### Directions
Retype, exactly and with both ends included, the lines below from the one containing "Peaches On A" through the end; omit the pictures.

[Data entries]
+ + +

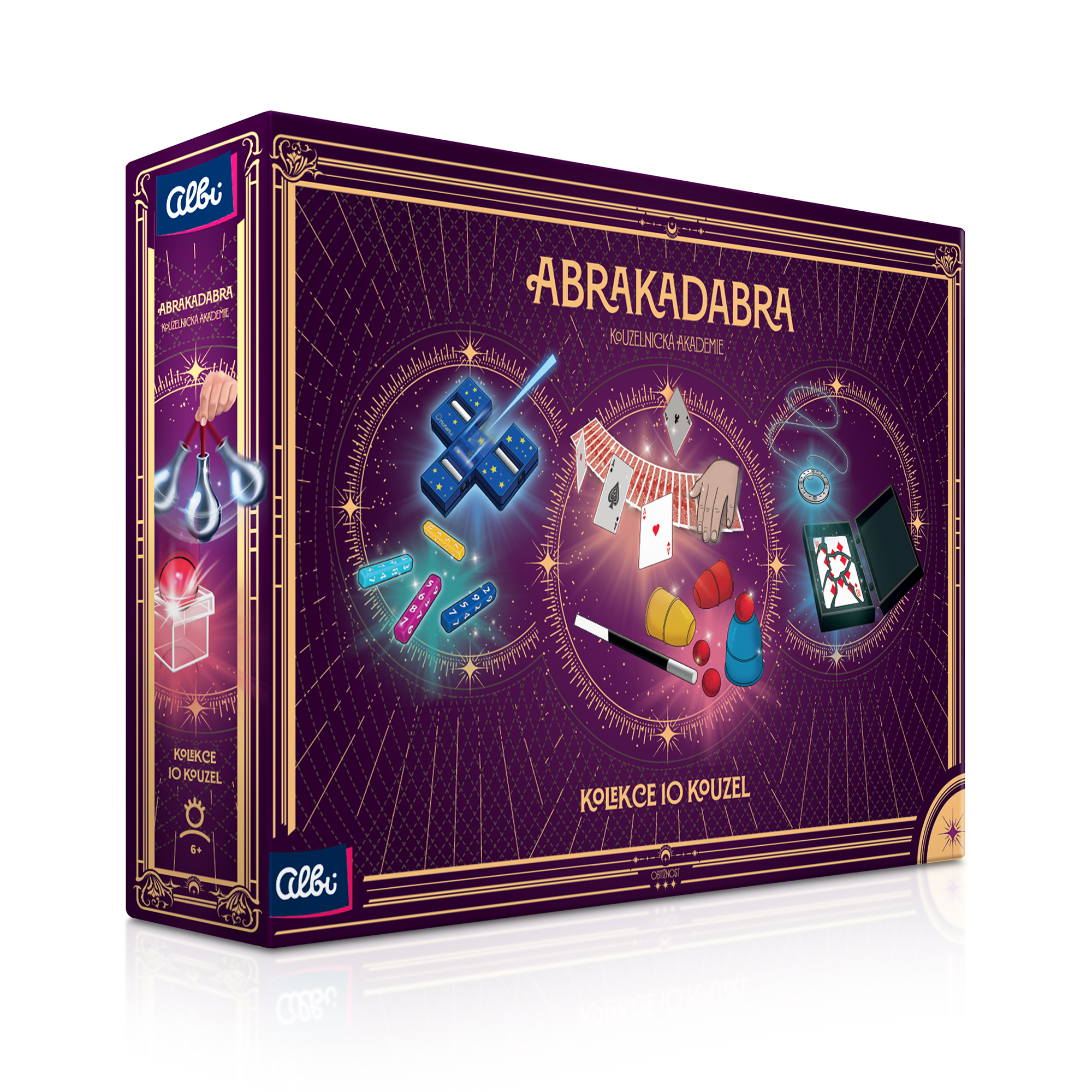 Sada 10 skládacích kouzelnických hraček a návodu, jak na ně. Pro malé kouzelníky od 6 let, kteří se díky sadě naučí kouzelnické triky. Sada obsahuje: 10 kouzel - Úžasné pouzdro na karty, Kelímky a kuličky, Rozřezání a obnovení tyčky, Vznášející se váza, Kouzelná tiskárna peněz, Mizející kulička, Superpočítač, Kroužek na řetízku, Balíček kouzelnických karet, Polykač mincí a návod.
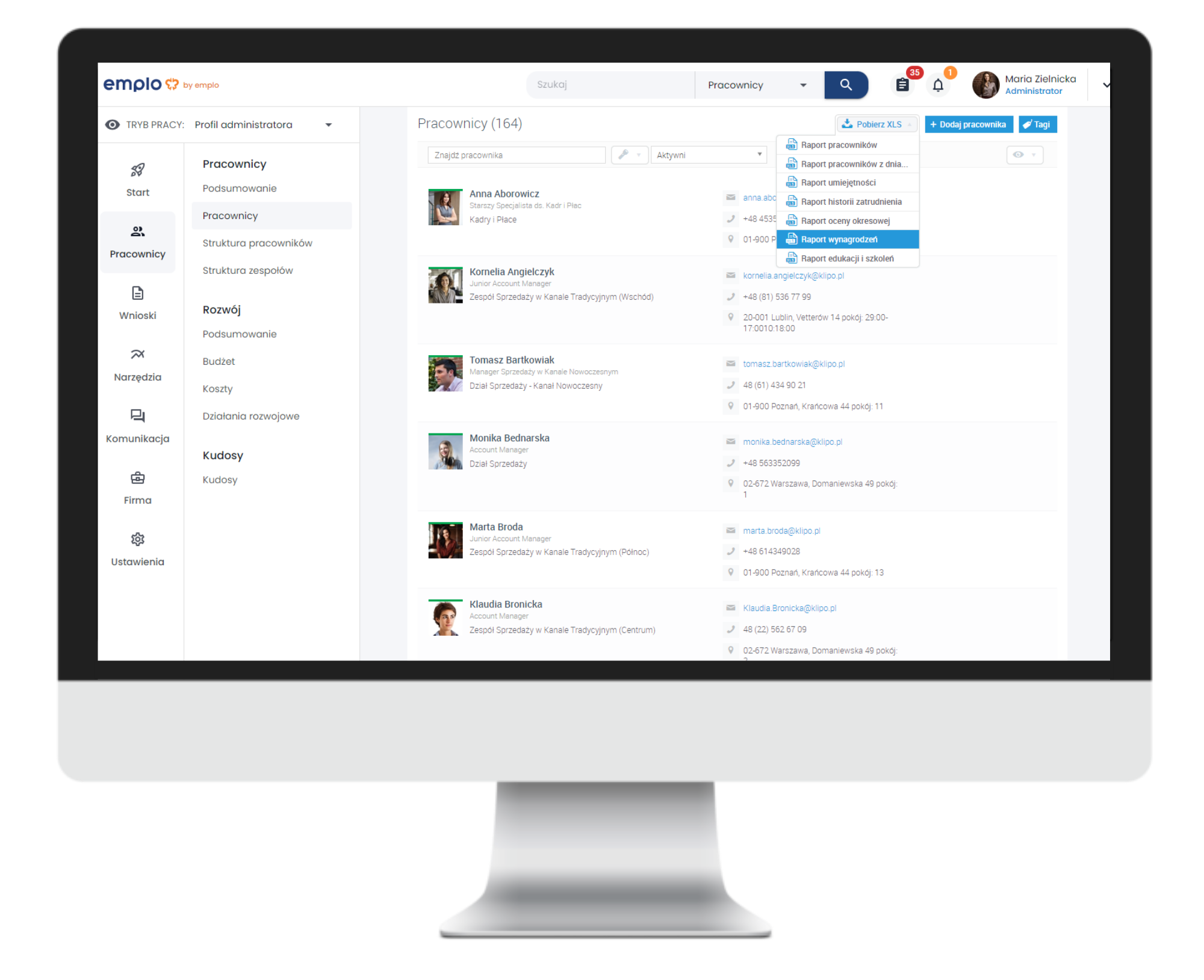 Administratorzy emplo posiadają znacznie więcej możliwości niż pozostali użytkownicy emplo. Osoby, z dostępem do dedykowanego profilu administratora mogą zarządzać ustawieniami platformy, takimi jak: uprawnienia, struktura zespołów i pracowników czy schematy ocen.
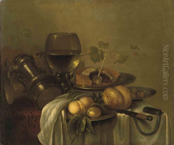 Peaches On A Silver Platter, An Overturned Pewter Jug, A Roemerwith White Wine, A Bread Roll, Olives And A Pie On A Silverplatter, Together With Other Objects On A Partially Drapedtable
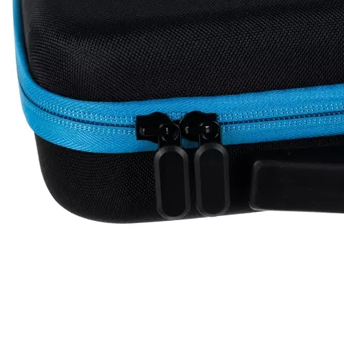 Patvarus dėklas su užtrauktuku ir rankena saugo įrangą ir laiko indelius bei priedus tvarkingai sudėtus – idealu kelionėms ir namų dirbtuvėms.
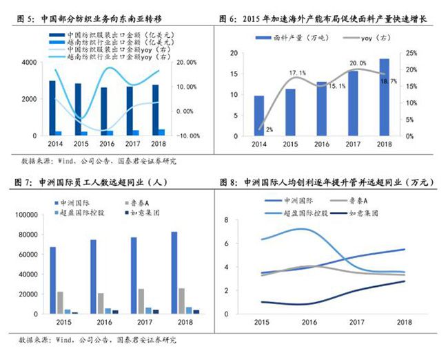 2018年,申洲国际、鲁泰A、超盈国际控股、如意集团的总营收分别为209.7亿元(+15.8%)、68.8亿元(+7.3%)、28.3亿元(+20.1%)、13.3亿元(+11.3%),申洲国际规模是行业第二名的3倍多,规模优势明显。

+ + +

### Result of this exercise
 Peaches On A Silver Platter, An Overturned Pewter Jug, A Roemerwith White Wine, A Bread Roll, Olives And A Pie On A Silverplatter, Together With Other Objects On A Partially Drapedtable
 Patvarus dėklas su užtrauktuku ir rankena saugo įrangą ir laiko indelius bei priedus tvarkingai sudėtus – idealu kelionėms ir namų dirbtuvėms.
 2018年,申洲国际、鲁泰A、超盈国际控股、如意集团的总营收分别为209.7亿元(+15.8%)、68.8亿元(+7.3%)、28.3亿元(+20.1%)、13.3亿元(+11.3%),申洲国际规模是行业第二名的3倍多,规模优势明显。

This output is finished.